Autonomous-Explorer-Drone: A Python repository from JaninaMattes

Autonomous Explorer Drone

Exploring a learning-based method to autonomous flight.
Getting started »

Table of Contents

About The Project
- Built With
Getting Started
- Prerequisites
- Installation
Usage
Roadmap
Contributing
License
Contact
Acknowledgments

About The Project

The design of a control system for an agile mobile robot in the continuous domain is a central question in robotics. This project specifically addresses the challenge of autonomous drone flight. Model-free reinforcement learning (RL) is utilized as it can directly optimize a task-level objective and leverage domain randomization to handle model uncertainty, enabling the discovery of more robust control responses. The task analyzed in the following is a single agent stabilization task.

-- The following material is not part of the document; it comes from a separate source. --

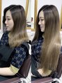 バレイヤージュを施し赤味のない外国人風に!カラーはくすみ感を強調し最新のデザインカラーを外国人風に仕上げ、当店オリジナルの人毛レミーエクステをチョイスし長さとボリューム感をだしてアレンジ多彩な万能スタイルで巻き髪スタイルを楽しめます

Drone Model and Simulation

The gym-pybullet-drones environment is based on the Crazyflie 2.x nanoquadcopter. It implements the OpenAI gym API for single or multi-agent reinforcement learning (MARL).

Fig. 1: The three types of gym-pybullet-drones models, as well as the forces and torques acting on each vehicle.

Training Result

The following shows a training result where the agent has learned to control the four independent rotors to overcome simulated physical forces (e.g. gravity) by the Bullet physics engine, stabilize and go into steady flight.

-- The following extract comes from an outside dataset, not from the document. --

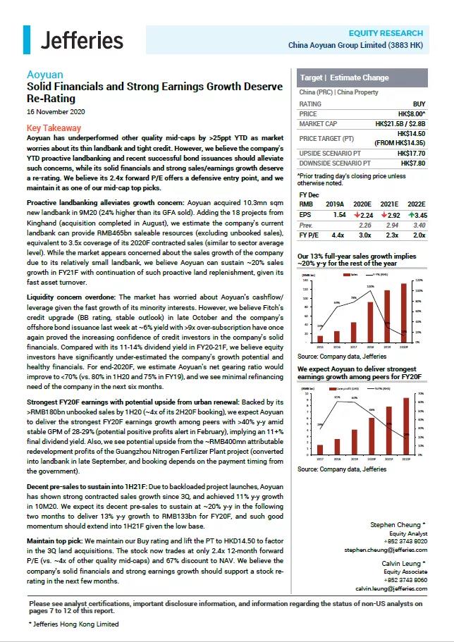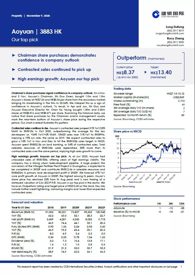 隨著下半年推盤提速,奧園合同銷售自三季度起集中發力,2020年前10個月合同銷售同比增長11%至985.1億元,已完成全年目標約75%。富瑞金融、星展銀行、銀河-聯昌證券、建銀國際均認為,奧園全年銷售目標完成無懸念。

Fig. 2: Rendering of a gym-pybullet-drones stable flight with a Crazyflie 2.x during inference.

PPO Actor-Critic Architecture

In this project the policy gradient method is used for training with a custom implementation of Proximal Policy Optimization (PPO).

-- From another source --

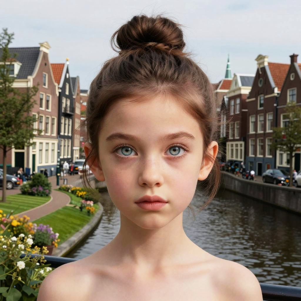 ((best quality)), ((masterpiece)), (detailed), nsfw, photorealistic, ultra high res, intricate, hyperdetailed, (skindentation), cute, feminine, detailed body, (detailed face:1.1), (outlined iris), (hidrocor lenses), (perfect eyes), 4k, beautiful, beautiful city, rich history with modern charm, unique and varied, traditional Dutch buildings, modern structures, and innovative design, canals, picturesque views at every turn, The buildings along the canals are tall and narrow, with ornate facades and colorful paint schemes, buildings are historic, dating back to the 17th century, preserved and restored, parks and green spaces, Vondelpark, manicured lawns, winding paths, unique gabled roofs, steeply sloping angles and decorative elements such as finials and spires, distinctive look, modern and vibrant city, with a thriving arts and culture scene, galleries, and performance spaces, showcasing everything from classical art to contemporary music and theater))a( Time Travel and Neural Interface and Solar energy and Galactic Civilization and Personal flying vehicles and 3D printing )Wool, Polyester (Peasant blouse and skirt with a simple vest or bodice) (silicon lips:1.3) and (lips filler:1.3), (thick lips:1.3), (gigantic breasts:1.2), wide hips, thick thighs, she has light blue and grey colored hair, she has medium hair length and a fallero hairdo and wispy bangs and hair covering eyes hair style, art by Josan Gonzalez and Akihiko Yoshida

Fig. 3: Overview of the Actor-Critic Proximal Policy Optimisation Algorithm process

The architecture consists of two separate neural networks: the actor network and the critic network. The actor network is responsible for selecting actions given the current state of the environment, while the critic network is responsible for evaluating the value of the current state.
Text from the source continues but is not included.